Did you know that currently, only approximately 24 percent of working-age NDIS scheme participants are employed in paid jobs? And of those, around half are working for just a few dollars an hour in supported employment opportunities? These figures are disappointing, so we’re pleased to hear that plans are underfoot to increase NDIS participant employment rates. We’re also happy that advocates for people with disability are pushing for much fairer wage conditions for those in supported working schemes.
NDIS Minister, Stuart Robert, has announced a goal to get 30% of NDIS participants into work by 2023. He said that the government’s strategy is ‘all about giving more people with disability, who have the desire and capacity to work, better access to the right supports to achieve their employment goals while breaking down barriers that they face trying to get a job’. Their plan focuses on key areas: increasing employment, giving more control to people with disability over their routes to employment and gaining the confidence of employers to hire NDIS participants. And the National Disability Insurance Agency has pledged to lead by example and employ significant numbers of people with disability, itself. All great news, Minister Robert!

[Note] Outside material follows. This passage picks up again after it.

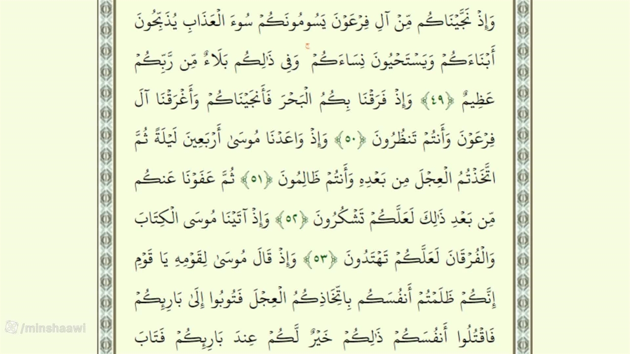 وَإِذْ نَجَّیْنَاکُم مِّنْ آلِ فِرْعَوْنَ یَسُومُونَکُمْ سُوءَ الْعَذَابِ یُذَبِّحُونَ أَبْنَاءَکُمْ وَیَسْتَحْیُونَ نِسَاءَکُمْ ۚ وَفِی ذَٰلِکُم بَلَاءٌ مِّن رَّبِّکُمْ عَظِیمٌ ﴿٤٩﴾ وَإِذْ فَرَقْنَا بِکُمُ الْبَحْرَ فَأَنجَیْنَاکُمْ وَأَغْرَقْنَا آلَ فِرْعَوْنَ وَأَنتُمْ تَنظُرُونَ ﴿٥٠﴾ وَإِذْ وَاعَدْنَا مُوسَىٰ أَرْبَعِینَ لَیْلَةً ثُمَّ اتَّخَذْتُمُ الْعِجْلَ مِن بَعْدِهِ وَأَنتُمْ ظَالِمُونَ ﴿٥١﴾ ثُمَّ عَفَوْنَا عَنکُم مِّن بَعْدِ ذَٰلِکَ لَعَلَّکُمْ تَشْکُرُونَ ﴿٥٢﴾ وَإِذْ آتَیْنَا مُوسَى الْکِتَابَ وَالْفُرْقَانَ لَعَلَّکُمْ تَهْتَدُونَ ﴿٥٣﴾ وَإِذْ قَالَ مُوسَىٰ لِقَوْمِهِ یَا قَوْمِ إِنَّکُمْ ظَلَمْتُمْ أَنفُسَکُم بِاتِّخَاذِکُمُ الْعِجْلَ فَتُوبُوا إِلَىٰ بَارِئِکُمْ فَاقْتُلُوا أَنفُسَکُمْ ذَٰلِکُمْ خَیْرٌ لَّکُمْ عِندَ بَارِئِکُمْ فَتَابَ عَلَیْکُمْ ۚ إِنَّهُ هُوَ التَّوَّابُ الرَّحِیمُ ﴿٥٤﴾ وَإِذْ قُلْتُمْ یَا مُوسَىٰ لَن نُّؤْمِنَ لَکَ حَتَّىٰ نَرَى اللَّهَ جَهْرَةً فَأَخَذَتْکُمُ الصَّاعِقَةُ وَأَنتُمْ تَنظُرُونَ ﴿٥٥﴾ ثُمَّ بَعَثْنَاکُم مِّن بَعْدِ مَوْتِکُمْ لَعَلَّکُمْ تَشْکُرُونَ ﴿٥٦﴾ وَظَلَّلْنَا عَلَیْکُمُ الْغَمَامَ وَأَنزَلْنَا عَلَیْکُمُ الْمَنَّ وَالسَّلْوَىٰ ۖ کُلُوا مِن طَیِّبَاتِ مَا رَزَقْنَاکُمْ ۖ وَمَا ظَلَمُونَا وَلَٰکِن کَانُوا أَنفُسَهُمْ یَظْلِمُونَ ﴿٥٧﴾

However - whilst People With Disability Advocates (PWDA) approve of the general sentiment, they are pressuring the NDIS to stop supporting ‘outdated and unfair’ work structures seen in Australian Disability Enterprises and sheltered workshops, who employ people with disability at very low wages. In other words, they don’t want to see large numbers of people with disability working more, if it’s for terrible pay.

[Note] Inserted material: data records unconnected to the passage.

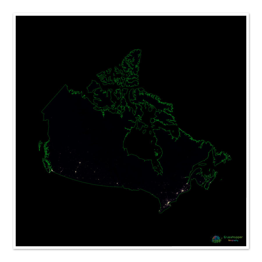 Mapa de calor de densidad de población de Canadá Fine Art Print. Mapa de densidad de población de alta resolución basado en conjuntos de datos globales detallados, diseñado para parecerse a constelaciones de estrellas y nebulosas. Los colores más oscuros representan áreas de muy baja densidad, los amarillos son centros urbanos densos y los morados en el medio.
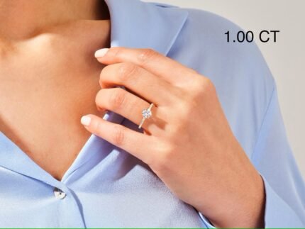 This 2 carat brilliant round moissanite engagement ring features stunning brilliance and a timeless design—perfect for a heartfelt and elegant proposal.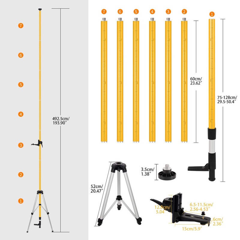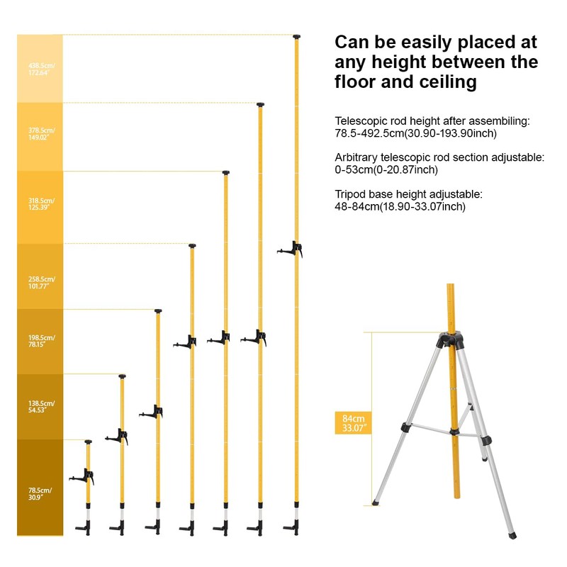 - Adjustable Laser Pole with Tripod: The MOETER 15.7 Ft laser level pole is a versatile 4-in-1 tool featuring a tripod and a multipurpose mounting clamp. The extendable mounting pole allows you to securely hold your laser unit from floor to ceiling with ease. It includes four telescopic rods and one tail rod, achieving a maximum height of 15.7 ft. The graduations are clearly marked in black on the yellow pole in both inches and centimeters for easy reading.

‘We want to see significant work from a national jobs plan that starts to break down the barriers we face when looking for and keeping a job, such as discrimination and a lack of workplace accessibility,’ said PWDA CEO, Jeff Smith.
Careseekers agrees. We would like to see a huge shift upwards in the amount of NDIS participants working in mainstream employment and for them to be given greater choice over their pathways to work. The PWDA’s suggested National Jobs Plan includes measures that strengthen the transition of young people with disability from high school into further education and mainstream jobs. We are all in favour of such systemic change and hope that the government is encouraged to act properly on it.